Once a second, each process' priority is recalculated according to a formula involving three components: priority = CPU_usage + nice + base
Based on its new priority, each process is attached to the appropriate queue of Fig. 10-8, usually by dividing the priority by a constant to get the queue number. Let us now briefly examine each of the three components of the priority formula.
CPU_usage, represents the average number of clock ticks per second that the process has had during the past few seconds. Every time the clock ticks, the CPU usage counter in the running process' process table entry is incremented by 1. This counter will ultimately be added to the process' priority giving it a higher numerical value and thus putting it on a lower-priority queue.
However, UNIX does not punish a process forever for using the CPU, so CPU_usage decays with time. Different versions of UNIX do the decay slightly differently. One way that has been used is to add the current value of CPU_usage to the number of ticks acquired in the past DT and divide the result by 2. This algorithm weights the most recent DT by ½, the one before that by ¼, and so on. This weighting algorithm is very fast because it just has one addition and one shift, but other weighting schemes have also been used.
Every process has a nice value associated with it. The default value is 0, but the allowed range is generally -20 to +20. A process can set nice to a value in the range 0 to 20 by the nice system call. A user computing p to a billion places in the background might put this call in his program to be nice to the other users. Only the system administrator may ask for better than normal service (meaning values from -20 to -1). Deducing the reason for this rule is left as an exercise for the reader.

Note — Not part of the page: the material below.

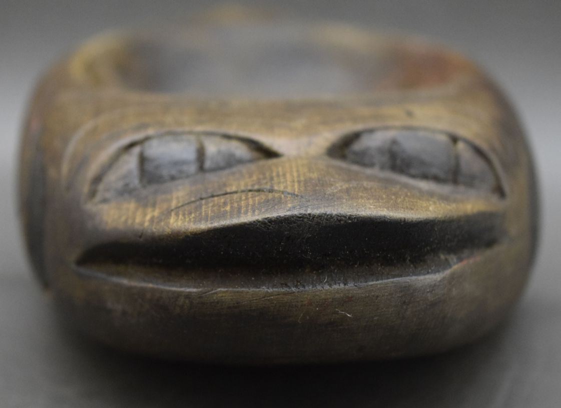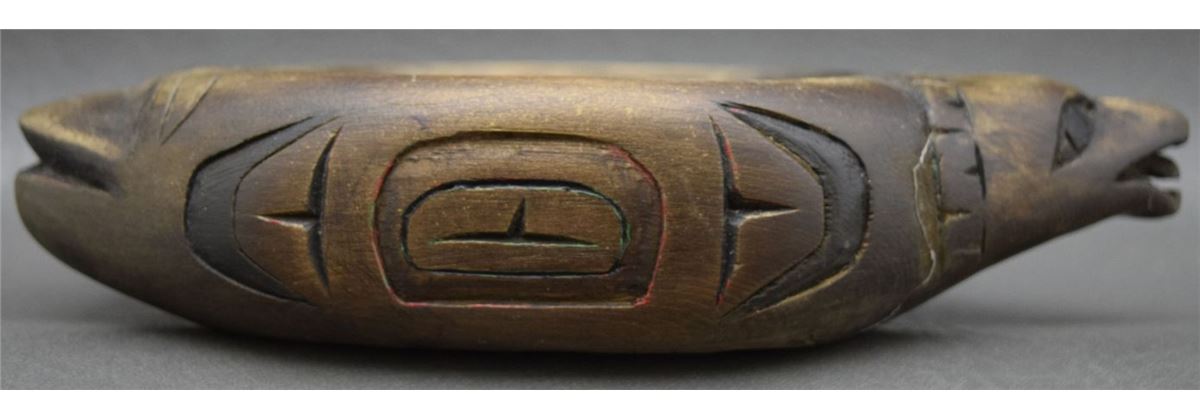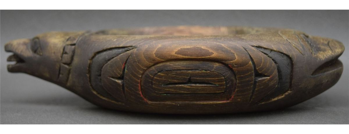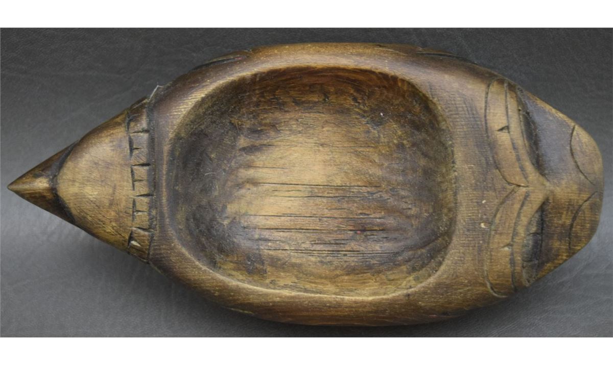 1960's hand carved wooden bowl depicting animals has traces of painted design1.5'' x 7.5'' x 3.25'''

When a process traps to the kernel to make a system call, it is entirely possible that the process has to block before completing the system call and returning to user mode. For example, it may have just done a waitpid system call and have to wait for one of its children to exit. It may also have to wait for terminal input or for disk I/O to complete, to mention only a few of the many possibilities. When it blocks, it is removed from the queue structure, since it is unable to run.
However, when the event it was waiting for occurs, it is put onto a queue with a negative value. The choice of queue is determined by the event it was waiting for. In Fig. 10-8, disk I/O is shown as having the highest priority, so a process that has just read or written a block from the disk will probably get the CPU within 100 msec. The relative priority of disk I/O, terminal I/O, etc. is hardwired into the operating system, and can only be modified by changing some constants in the source code and recompiling the system. These (negative) values are represented by base in the formula given above and are spaced far enough apart that processes being restarted for different reasons are clearly separated into different queues.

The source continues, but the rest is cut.